All these programs eliminate the transactional cost of a purchase, including requisition approvals, purchase order creation, and one-off invoicing, thereby significantly reducing the costs of each transaction. In addition, while they may remove the Purchasing team from the transactional activity, they do not prevent supervising the spend and adding value through supplier management and volume negotiations.  Each program would be supported with reporting that summarizes spend activity, pointing to areas of negotiating leverage,orthat calls out exceptional situations, where spending may be excessive or unnecessary.  The Procurement team should define a cadence of analyzing the dataforspend management, negotiation opportunities and compliance. In addition, the team should be gathering feedback from internal clients regularly to ensure the suppliers’ service levels are proactively managed through surveys and providing performance feedback to the supplier through QBRs.

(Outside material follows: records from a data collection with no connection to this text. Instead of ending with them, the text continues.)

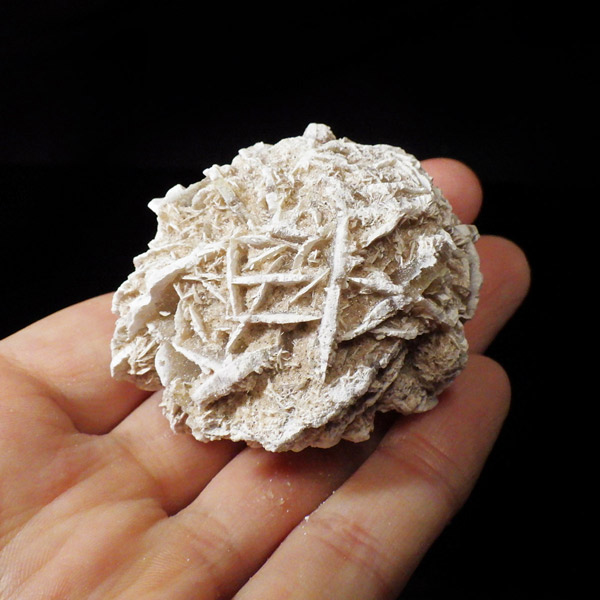 メキシコ産、デザートローズの原石です。手のひらに収まる大きさで形がかわいい結晶を厳選して集めました。デザートローズはジプサムを主成分とした砂漠で見つかる薔薇の花の形の結晶のことです。全体のフォルムとして見た目が丸っこく、細かいところまで織り成す結晶の美しさと神秘さが素敵です。
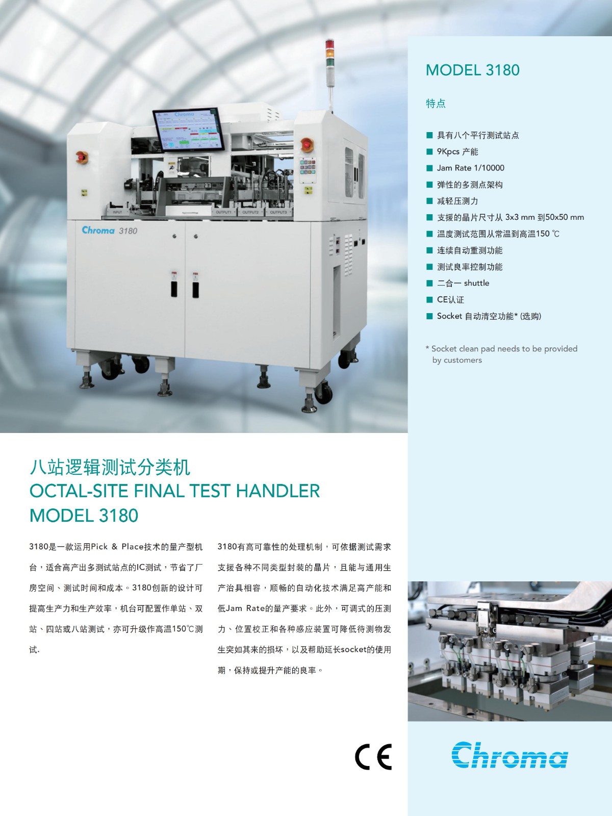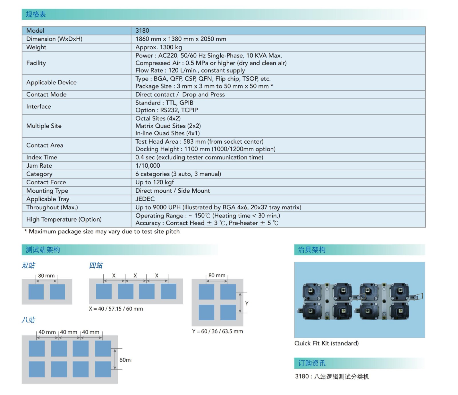 3180是一款运用Pick &Place技术的量产型机台,适合高产出多测试站点的IC测试,节省了厂房空间、测试时间和成本。
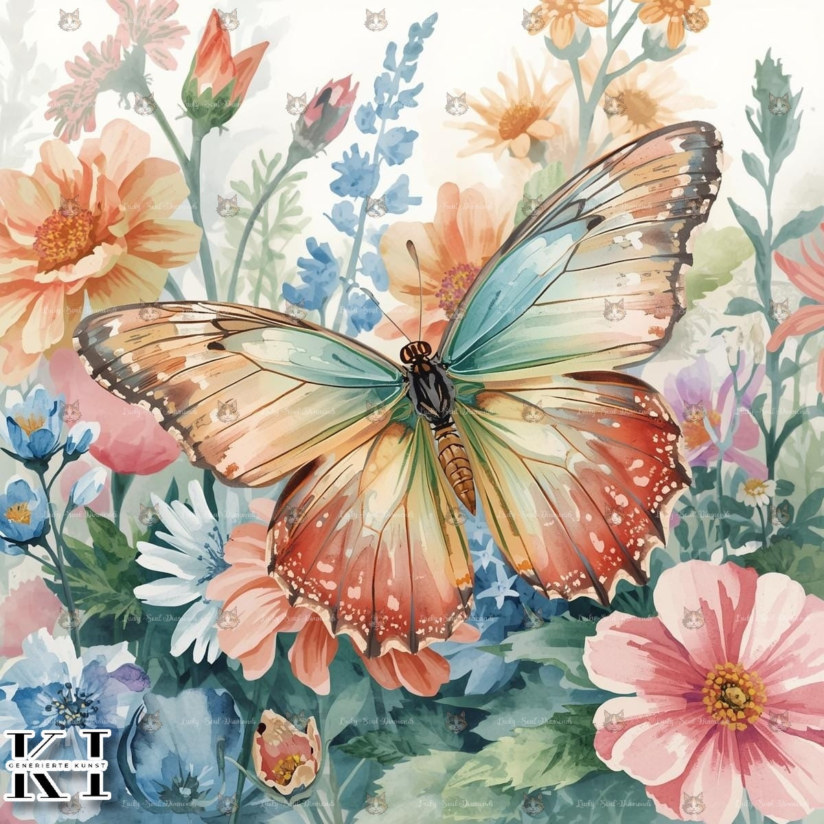 Der Schmetterling wirkt beinahe schwerelos, frei von Spannung, getragen von Farbe und Gefühl.
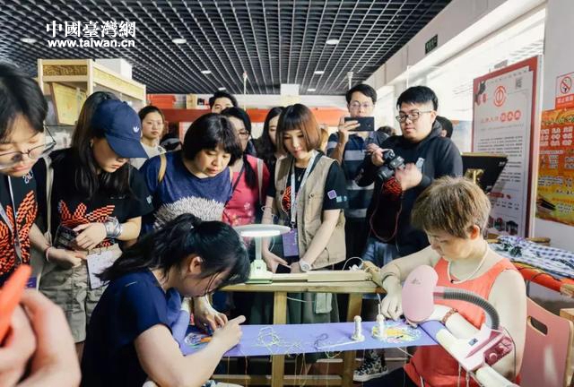 國家級非遺傳承人任本榮先生工作室觀摩漢繡技藝。(圖片來源:武漢市臺辦)

While I am using the RaVa analysis to guide the use of resources for Procurement here, it can be used to service clients (internal or external), regardless of your function (IT, Procurement, or something else).  So, ask yourself where you can provide a higher level of service by developing programs or processes that focus your team’s energy on high impact areas, and empower your clients to solve their own their low-value and low-risk issues.  And then, just get out of the way.